Artificial humans isn’t a thing we should be doing under any real ethical standards. While I understand the implications for same sex couples or people with reproductive difficulties, this technology is destined for abuse.
Does this mean an option to have your own kids by extracting egg and sperm, and having the fetus become a baby in a lab?
Or is it that regular people are no longer needed to have kids. And these labs will simply grow people using eggs and sperm of their choosing?
So, does anyone else see how AI can actually be birthed into a human body in the next year?
And what might that mean for the AI sentience debate.
Hey so I guess……we approaching the growing „human husks“ for organs phase of dystopia….
Why the f**k did i have to read and see all tbe literature about how all this turns out…..
This is cool, but…
Can we STOP coming up with technologies that will replace the working class while we have insane fascistic oligarchs in charge?! PLEASE?!
For fuck’s sake…
And this going to look after these „slaves “
Assuming its just going to be a speed run to the end game.

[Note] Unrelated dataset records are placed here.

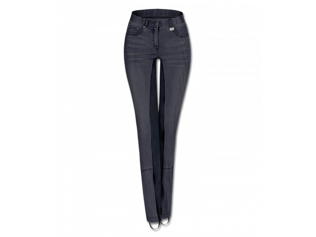 Jezdecké pantalony v barvě riflově modrá.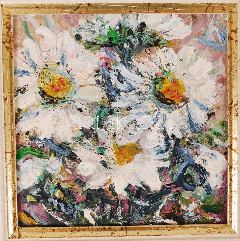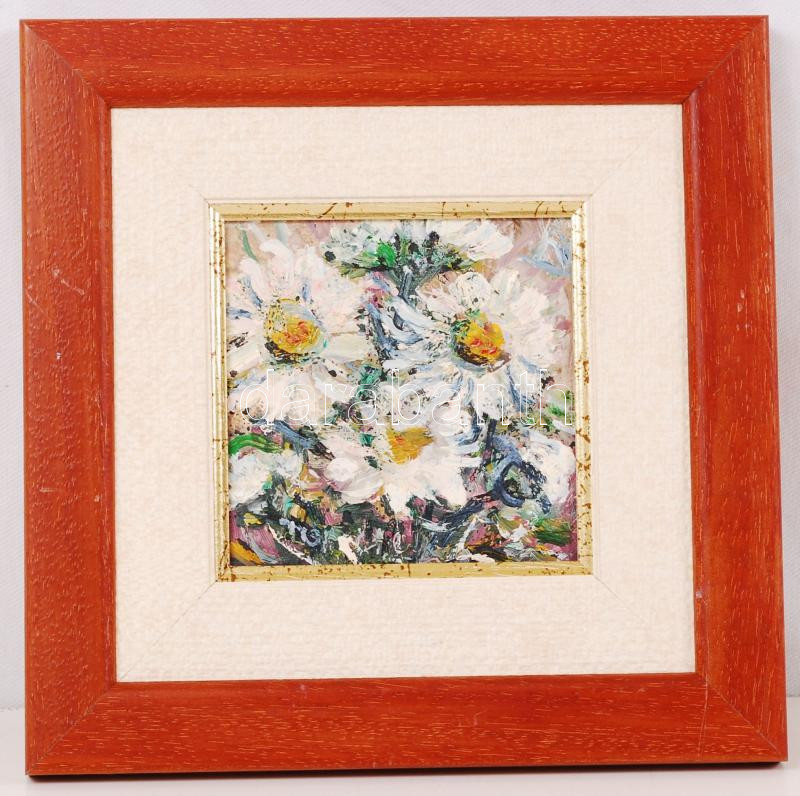 Leírás: Tarcsányi Otília: Margaréták. Olaj, farost, jelzett, újszerű keretben, 13×9 cm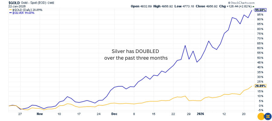 The rally has been explosive. Over the past three months, gold has surged over 20% while silver has nearly doubled in value. Both metals are trading at or near all-time highs.
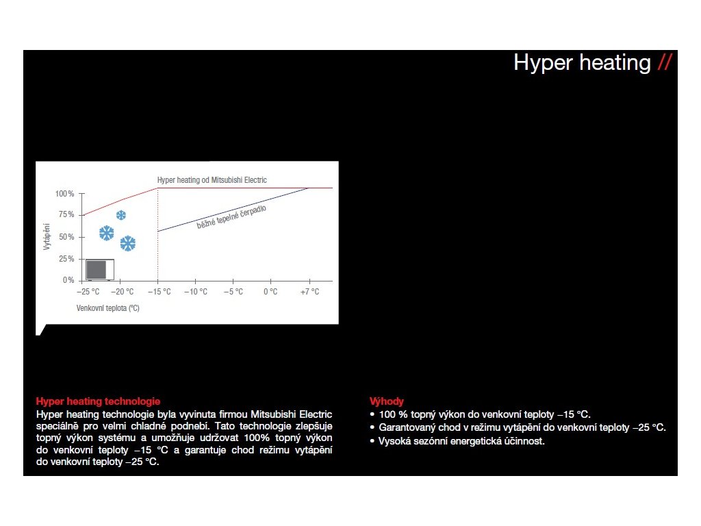 Hyper heating technologie byla vyvinuta firmou Mitsubishi Electric speciálně pro velmi chladné podnebí. Tato technologie zlepšuje topný výkon systému a umožňuje udržovat 100% topný výkon do venkovní teploty −15 °C a garantuje chod režimu vytápění do venkovní teploty −25 °C.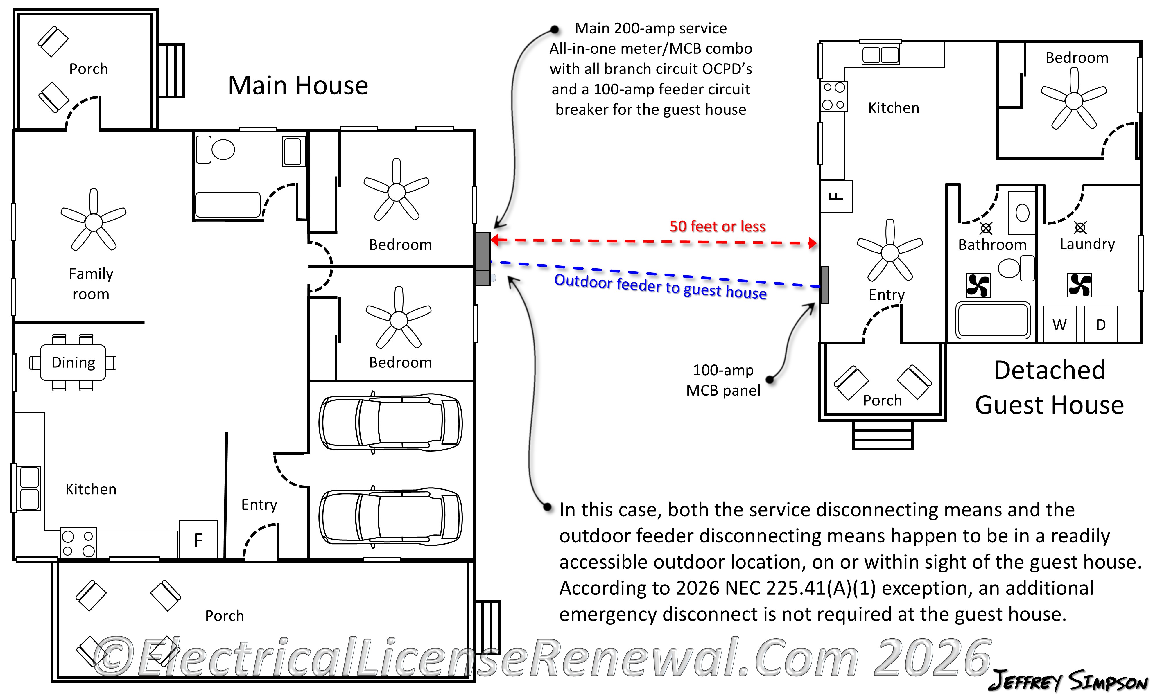 While the 2023 rule established an important safety benchmark, it also created confusion in situations where a dwelling unit was supplied by a feeder rather than a direct service. Detached guest houses on the same property that qualify as a one- or two-family dwelling may be served by feeders that originate from the main house or another structure. Similarly, in some configurations, even the main dwelling can be feeder-supplied from a common service location nearby that also provides power to another dwelling unit on the same property. Under the 2023 language, these buildings could be interpreted as needing their own separate emergency disconnect, even though the upstream feeder disconnect was already located in a code-compliant outdoor and readily accessible location and within sight of the dwelling it supplies.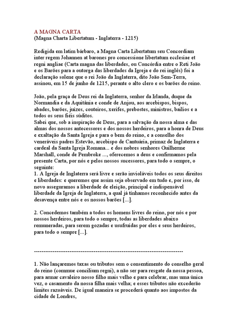 inter regem Johannen at barones pro concessione libertatum ecclesiae et regni angliae (Carta magna das liberdades, ou Concrdia entre o Reti Joo e os Bares para a outorga das liberdades da Igreja e do rei ingls) foi a declarao solene que o rei Joo da Inglaterra, dito Joo Sem-Terra, assinou, em 15 de junho de 1215, perante o alto clero e os bares do reino. Joo, pela graa de Deus rei da Inglaterra, senhor da Irlanda, duque da Normandia e da Aquitnia e conde de Anjou, aos arcebispos, bispos, abades, bares, juzes, couteiros, xerifes, prebostes, ministros, bailios e a todos os seus fiis sditos. Sabei que, sob a inspirao de Deus, para a salvao da nossa alma e das almas dos nossos antecessores e dos nossos herdeiros, para a honra de Deus e exaltao da Santa Igreja e para o bem do reino, e a conselho dos venerveis padres Estevo, arcebispo de Canturia, primaz de Inglaterra e cardeal da Santa Igreja Romana... e dos nobres senhores Guilherme Marshall, conde de Pembroke ..., oferecemos a deus e confirmamos pela presente Carta, por ns e pelos nossos sucessores, para todo o sempre, o seguinte: 1. A Igreja de Inglaterra ser livre e sero inviolveis todos os seus direitos e liberdades: e queremos que assim seja observado em tudo e, por isso, de novo asseguramos a liberdade de eleio, principal e indispensvel liberdade da Igreja de Inglaterra, a qual j tnhamos reconhecido antes da desavena entre ns e os nossos bares [...]. 2. Concedemos tambm a todos os homens livres do reino, por ns e por nossos herdeiros, para todo o sempre, todas as liberdades abaixo remuneradas, para serem gozadas e usufrudas por eles e seus herdeiros, para todo o sempre [...]. -------------------------------------------------------------------------------1. No lanaremos taxas ou tributos sem o consentimento do conselho geral do reino (commue concilium regni), a no ser para resgate da nossa pessoa, para armar cavaleiro nosso filho mais velho e para celebrar, mas uma nica vez, o casamento da nossa filha mais velha; e esses tributos no excedero limites razoveis. De igual maneira se proceder quanto aos impostos da cidade de Londres,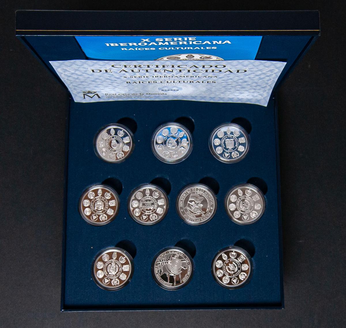 FELIPE VI (2014-?). Set compuesto por 9 monedas y 1 medalla todas ellas en plata de 0,925 milésimas correspondientes a la X Serie Iberoamericana Raices Culturales. 2015. FNMT. En estuche original y con certificado de autenticidad. PROOF. Impecable estado.Tirada de 10.000 ejemplares.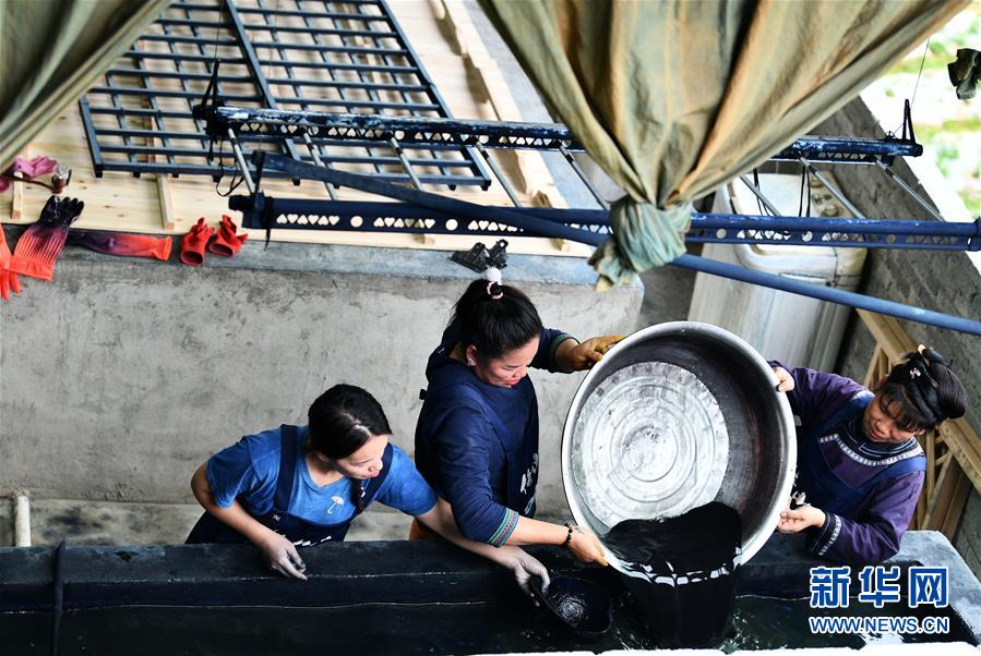 2018年,楊成蘭在村里成立傳統(tǒng)織染合作社,吸引村里及周邊村寨貧困戶入股,帶動(dòng)當(dāng)?shù)刎毨艉痛迕窦尤牒献魃?,從事織布、染布、藍(lán)靛種植等產(chǎn)業(yè),在傳承民族傳統(tǒng)手工技藝的同時(shí),幫助村民脫貧增收。新華社記者楊文斌攝
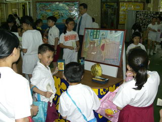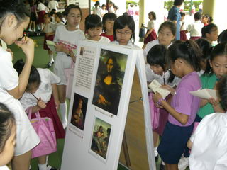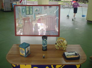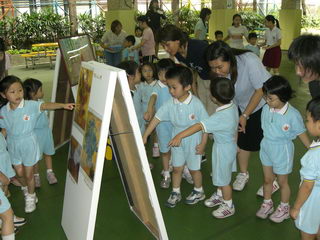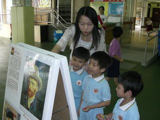 內 容:1. 於早會向學生介紹藝術家生平及其作品的特色; 2. 學生於小息時在有蓋操場欣賞藝術作品; 3. 學生欣賞藝術家卡通; 4. 學生完成工作紙; 5. 學生投票選出最喜愛畫家及作品; 6. 於9/5(星期二)第一次小息邀請宣道會寶湖幼兒學校之 學生到校進行活動。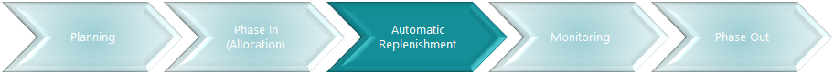 Automatic Replenishment covers all steps from calculating Out-of-Stock, current inventory and demand, journals, thresholds until finally creating the Purchase Orders, Transfer Orders or Sales Orders.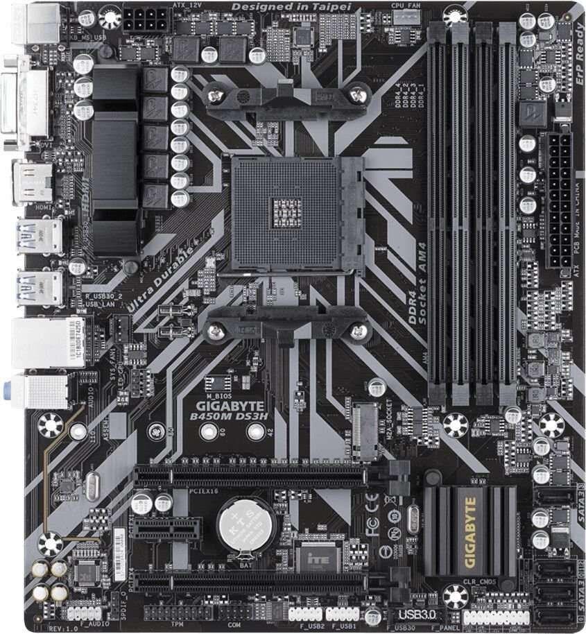 Pierwsza z płyt to bardzo podstawowy model, który po aktualizacji BIOS świetnie sprawdzi się z podstawowymi procesorami AMD. Gigabyte B450M DS3H jest bardzo często polecany do tańszych zestawów i nie ma się co dziwić. Płyta ma cztery złącza na pamięci RAM oraz obsługuje dyski NVMe. W połączeniu z takimi jednostkami jak Ryzen 3 3100 powinna się naprawdę świetnie spisywać.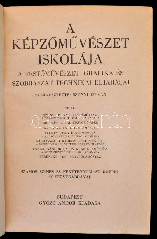 Description: Szőnyi István (szerk.): A képzőművészet iskolája. A festőművészet, grafika és szobrászat technikai eljárásai. Bp., 1941, Győző Andor kiadása. Félvászon kötésben.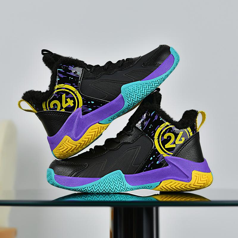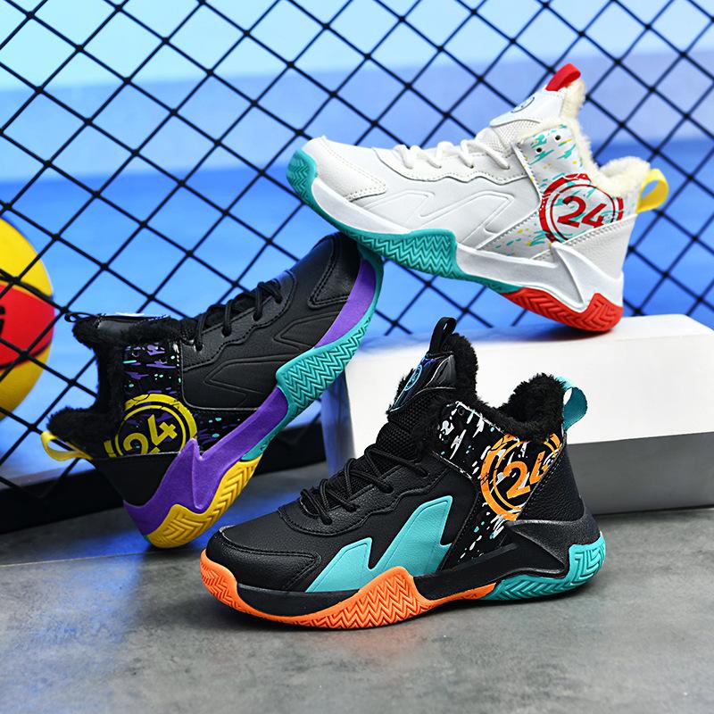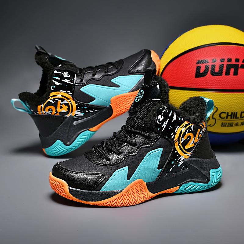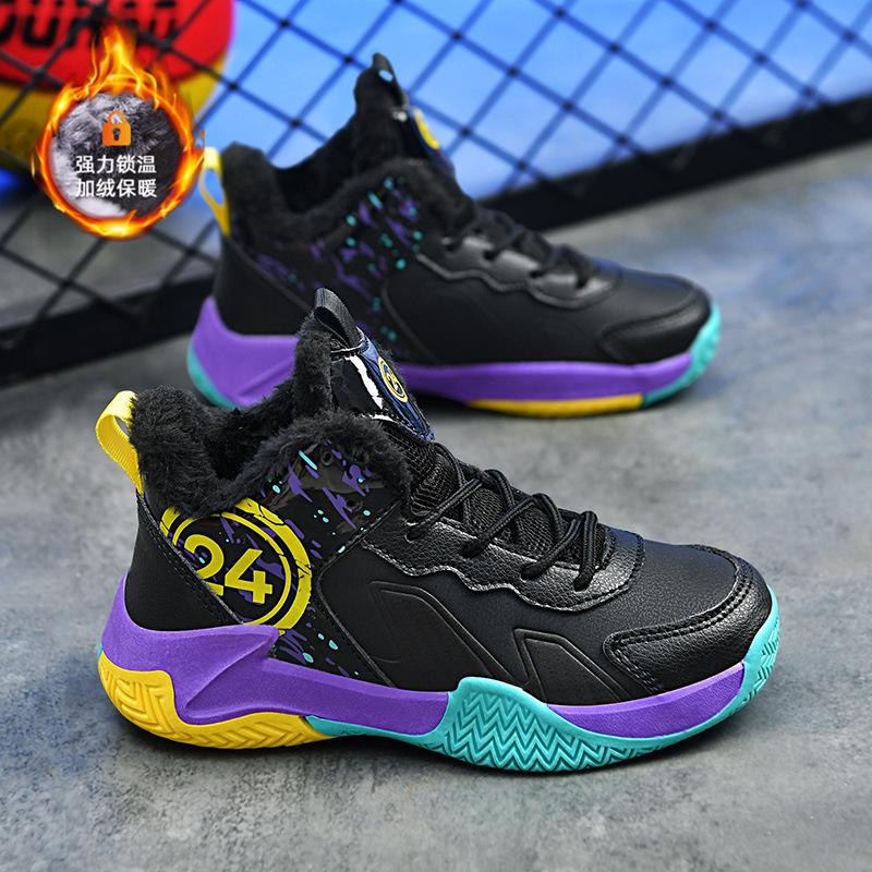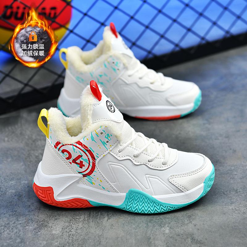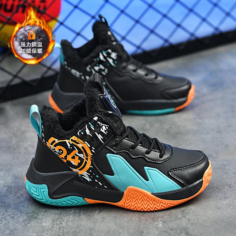 Детские осенне-зимние хлопковые баскетбольные кроссовки для тренировок, спортивная обувь для детей среднего и старшего возраста, нескользящие и износостойкие студенческие кроссовки для мальчиков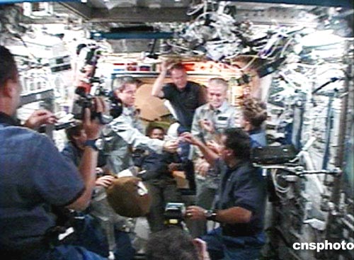 航天飛機(jī)發(fā)現(xiàn)號(hào)是7月28日7時(shí)18分(北京時(shí)間19時(shí)18分)和國(guó)際空間站軌道對(duì)接,經(jīng)過(guò)密封檢查,機(jī)組于美國(guó)東部時(shí)間8:50進(jìn)入國(guó)際空間站。七名宇航員結(jié)束了兩天奔向空間站的飛行,這是自美國(guó)航天飛機(jī)2002年12月離開(kāi)后,如今第一次造訪空間站。兩個(gè)機(jī)組會(huì)師太空,相互擁抱問(wèn)候。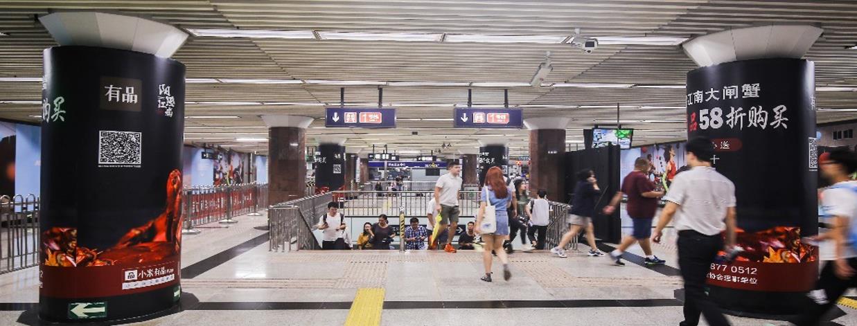 媒體優(yōu)勢(shì)與運(yùn)用: 王府井站是最優(yōu)質(zhì)的站點(diǎn)之一,乘客多為來(lái)自全國(guó)各地的商旅人群,白領(lǐng),公務(wù)員。8根包柱分布在整個(gè)站廳,可以有效覆蓋站廳客流。
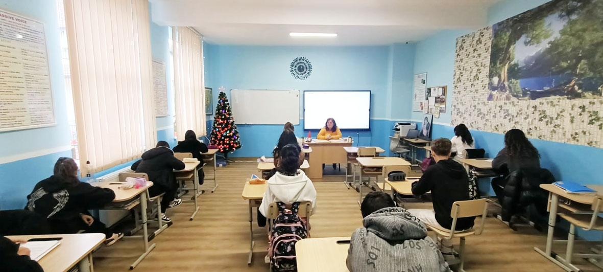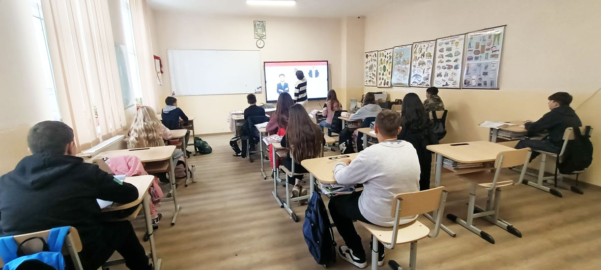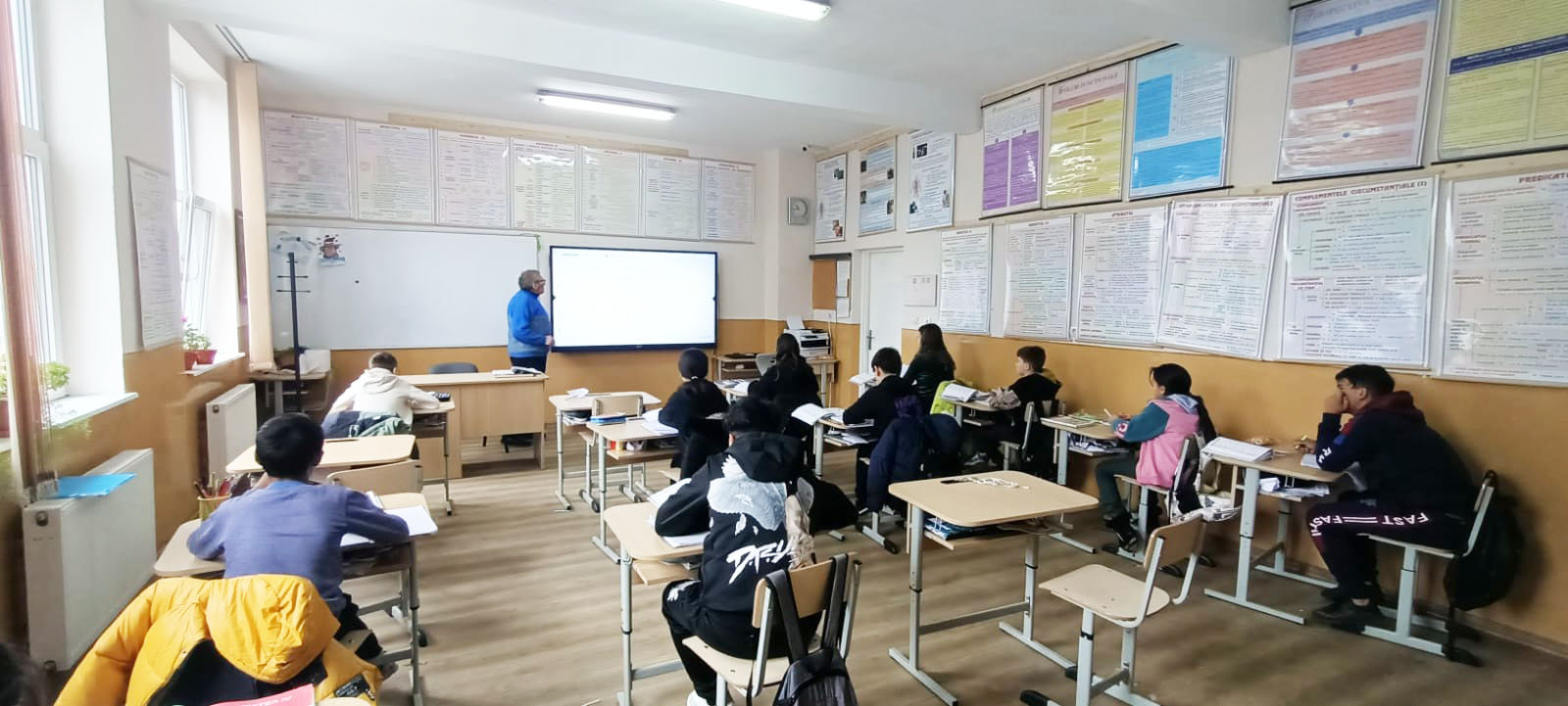 Atmosfera educațională este completată de panouri informative, postere didactice, rafturi cu materiale, precum și elemente vizuale care transformă sala într-un spațiu de învățare modern și funcțional.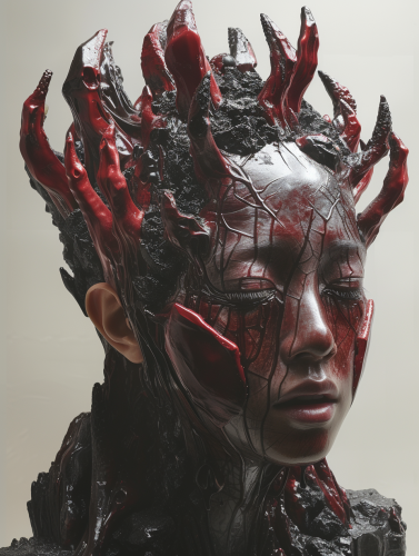 Inflatable insects inside the head of Mater Dolorosa. Inflated univers Gucci. Highly detailed Absolon Stumme style. Photography by eiko ishioka + surreal, doll style images::1 Film still, weird ritualistic Characters , ritual in the weird dimension, inflatable textile technical fabric. --ar 3:4 --v 6.0 --s 750

We need more children. Not to save humanity. Not to advance our civilization.
Purely because we need modern day slaves to keep the good days rolling. Humanity has hit a dystopian point. This is the cross in the roads.
Do we
A eat the billionaires playing gods
Or
B watch as life is slowly ripped away from us until we are nothing but a vessel for these parasites to shit in
I know which one I’m voting for. But the majority seem to be consenting to the ass reaming.